§ TASK
Retype only what runs from the first line of the listing to the line holding "Screen access |", both included. Do not retype the pictures.

§ PROVIDED MATERIAL

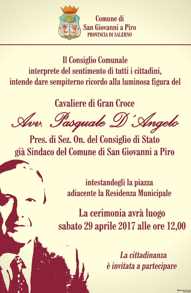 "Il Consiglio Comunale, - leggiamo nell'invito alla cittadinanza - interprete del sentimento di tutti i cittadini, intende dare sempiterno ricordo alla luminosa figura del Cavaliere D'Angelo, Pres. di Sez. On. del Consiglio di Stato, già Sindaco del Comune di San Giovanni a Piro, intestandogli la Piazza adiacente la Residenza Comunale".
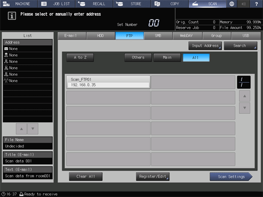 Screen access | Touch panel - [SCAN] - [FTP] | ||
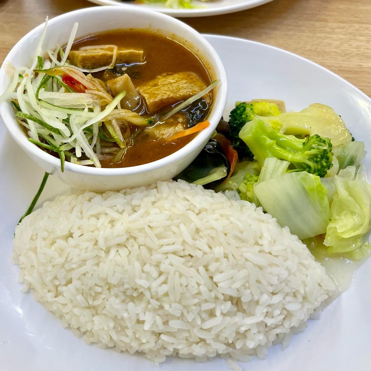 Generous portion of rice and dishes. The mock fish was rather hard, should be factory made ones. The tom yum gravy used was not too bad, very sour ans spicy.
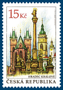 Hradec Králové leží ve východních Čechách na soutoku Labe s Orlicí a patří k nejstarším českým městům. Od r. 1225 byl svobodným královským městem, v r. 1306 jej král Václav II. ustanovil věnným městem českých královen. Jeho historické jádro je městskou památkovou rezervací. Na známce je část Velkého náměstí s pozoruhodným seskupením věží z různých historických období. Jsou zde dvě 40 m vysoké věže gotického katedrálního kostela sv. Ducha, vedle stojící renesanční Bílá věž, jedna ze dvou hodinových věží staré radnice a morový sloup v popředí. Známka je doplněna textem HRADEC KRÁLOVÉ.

§ WRITTEN ANSWER
 "Il Consiglio Comunale, - leggiamo nell'invito alla cittadinanza - interprete del sentimento di tutti i cittadini, intende dare sempiterno ricordo alla luminosa figura del Cavaliere D'Angelo, Pres. di Sez. On. del Consiglio di Stato, già Sindaco del Comune di San Giovanni a Piro, intestandogli la Piazza adiacente la Residenza Comunale".
 Screen access | Touch panel - [SCAN] - [FTP] | ||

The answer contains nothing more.